Ignoring the pictures, copy the data exactly.

[INFORMATION PROVIDED]:
::::

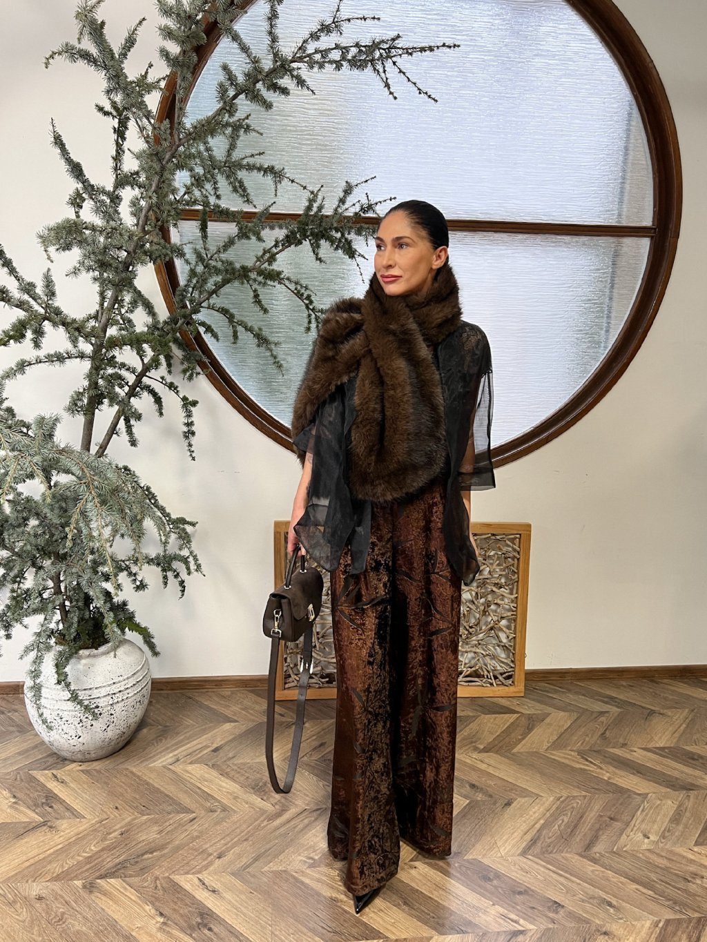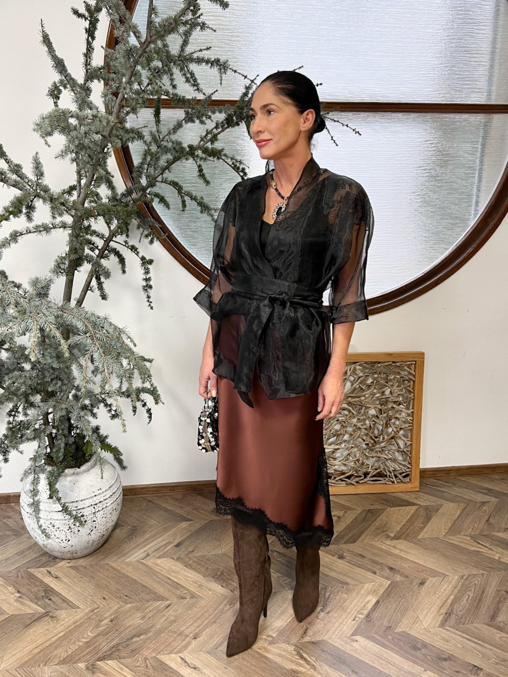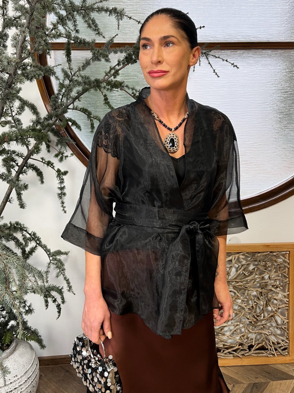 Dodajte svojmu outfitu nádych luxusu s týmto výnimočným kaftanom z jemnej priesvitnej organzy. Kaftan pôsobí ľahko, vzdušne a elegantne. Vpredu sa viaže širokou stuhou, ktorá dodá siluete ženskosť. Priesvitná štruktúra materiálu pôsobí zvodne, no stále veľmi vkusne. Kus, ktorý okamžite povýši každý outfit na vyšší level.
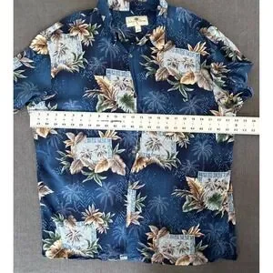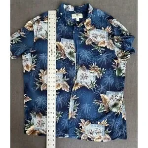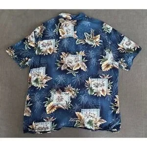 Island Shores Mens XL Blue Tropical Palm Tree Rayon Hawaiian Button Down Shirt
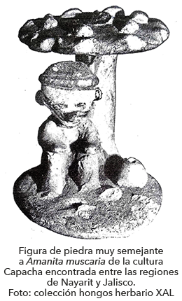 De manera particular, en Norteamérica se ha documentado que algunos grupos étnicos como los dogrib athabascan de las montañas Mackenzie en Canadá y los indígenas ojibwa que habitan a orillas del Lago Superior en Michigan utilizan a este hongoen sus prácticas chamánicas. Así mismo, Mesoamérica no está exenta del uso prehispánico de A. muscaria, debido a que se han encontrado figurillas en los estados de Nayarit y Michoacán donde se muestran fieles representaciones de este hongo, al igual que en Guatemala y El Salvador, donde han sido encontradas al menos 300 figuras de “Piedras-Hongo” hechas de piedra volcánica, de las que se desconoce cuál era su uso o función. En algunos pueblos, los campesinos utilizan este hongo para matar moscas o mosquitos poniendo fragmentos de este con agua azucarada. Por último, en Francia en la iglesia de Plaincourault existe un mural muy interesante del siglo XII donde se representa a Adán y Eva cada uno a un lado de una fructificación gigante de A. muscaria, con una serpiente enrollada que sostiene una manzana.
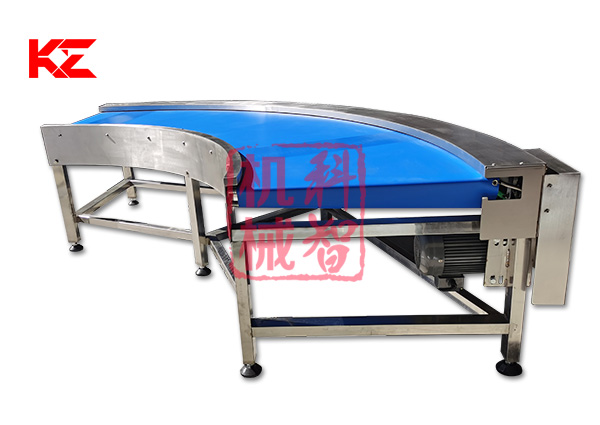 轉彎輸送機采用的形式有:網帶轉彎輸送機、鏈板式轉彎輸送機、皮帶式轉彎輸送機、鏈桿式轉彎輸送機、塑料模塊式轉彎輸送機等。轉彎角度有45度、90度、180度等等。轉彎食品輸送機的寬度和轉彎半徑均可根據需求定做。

::::

[REPLY TO THE EXERCISE]:
 Dodajte svojmu outfitu nádych luxusu s týmto výnimočným kaftanom z jemnej priesvitnej organzy. Kaftan pôsobí ľahko, vzdušne a elegantne. Vpredu sa viaže širokou stuhou, ktorá dodá siluete ženskosť. Priesvitná štruktúra materiálu pôsobí zvodne, no stále veľmi vkusne. Kus, ktorý okamžite povýši každý outfit na vyšší level.
 Island Shores Mens XL Blue Tropical Palm Tree Rayon Hawaiian Button Down Shirt
 De manera particular, en Norteamérica se ha documentado que algunos grupos étnicos como los dogrib athabascan de las montañas Mackenzie en Canadá y los indígenas ojibwa que habitan a orillas del Lago Superior en Michigan utilizan a este hongoen sus prácticas chamánicas. Así mismo, Mesoamérica no está exenta del uso prehispánico de A. muscaria, debido a que se han encontrado figurillas en los estados de Nayarit y Michoacán donde se muestran fieles representaciones de este hongo, al igual que en Guatemala y El Salvador, donde han sido encontradas al menos 300 figuras de “Piedras-Hongo” hechas de piedra volcánica, de las que se desconoce cuál era su uso o función. En algunos pueblos, los campesinos utilizan este hongo para matar moscas o mosquitos poniendo fragmentos de este con agua azucarada. Por último, en Francia en la iglesia de Plaincourault existe un mural muy interesante del siglo XII donde se representa a Adán y Eva cada uno a un lado de una fructificación gigante de A. muscaria, con una serpiente enrollada que sostiene una manzana.
 轉彎輸送機采用的形式有:網帶轉彎輸送機、鏈板式轉彎輸送機、皮帶式轉彎輸送機、鏈桿式轉彎輸送機、塑料模塊式轉彎輸送機等。轉彎角度有45度、90度、180度等等。轉彎食品輸送機的寬度和轉彎半徑均可根據需求定做。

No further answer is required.